AT&T also released a document discussing "facts around AT&T & Michael Cohen" that is available here.
Avenatti grabbed headlines by saying that it may have been Vekselberg, not Trump, who reimbursed Cohen for a $130,000 payment to Daniels.
The New York Times on May 5 ran an extensive feature on Cohen's "shadowy business empire" and his alleged ties with Russian mobsters. The contract lasted for one year, from January through December 2017, at a rate of $50,000 per month, and was only for advisory services and consulting. Called Columbus Nova, Vekselberg's firm paid $500,000 to Cohen's DE entity, which, as it had turned out, was used for hush money payments, including the payment made to Stormy Daniels.
South Korea's Korea Aerospace Industries also said it hired the consultancy for services on accounting matters.

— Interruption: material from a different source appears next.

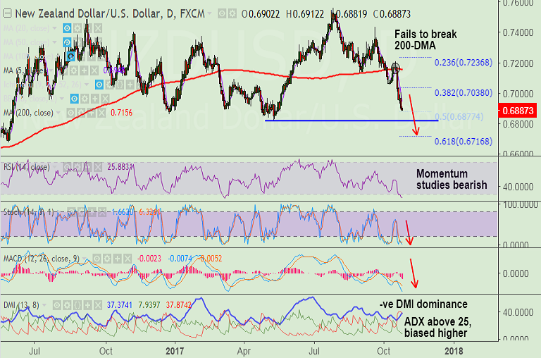 Resistance levels - 0.69, 0.6950 (5-DMA), 0.7038 (38.2% Fib)

On Wednesday, Avenatti took to Twitter to encourage media outlets to investigate the alleged SARs filed on Cohen's Essential Consulting. An attorney for Vekselberg did not respond to a request for comment, nor did representatives for his company in Russian Federation.
Former federal prosecutor Renato Mariotti told Law&Crime "It appears that Cohen may have violated FARA, but for it to be a crime, Cohen would have had to do so knowingly and willfully".
While Novartis said it got little from Cohen, the arrangement dragged Novartis into Special Counsel Robert Mueller's probe into suspected Russian meddling in the US presidential election. He built his fortune, now estimated by Forbes at $14.6 billion, by investing in the aluminum and oil industries.
That was how one employee of the Swiss drug giant Novartis described the company's relationship with President Donald Trump's personal lawyer Michael Cohen on Wednesday after leaked financial reports revealed that the pharmaceutical firm paid Cohen $1.2 million between February of 2017 and early 2018.
Cohen appears to have engaged Novartis in NY in "political activities for or in the interests of such foreign principal" and within the United States solicited and collected monetary contributions related to "US healthcare policy matters".
Payments to the companies 'may well have been used to influence the president of the United States, using Michael Cohen and his shell company as a conduit, ' Democratic Senator Richard Blumenthal said.
At the time, AT&T said that Stephenson had "a very good meeting" with Trump but that the Time Warner merger "was not a topic of discussion".
Even though the pledge didn't apply, Brendan Fischer of the non-profit Campaign Legal Center said Cohen's arrangement shows that Trump has failed to "drain the swamp" in Washington as he promised he would do. Millions of dollars flowed into the firm from companies that believed, for the right price, the President's fixer could assist them.
There are multiple reasons why a multinational drugmaker like Novartis might want counsel on "U.S. healthcare policy matters" as a new administration took over.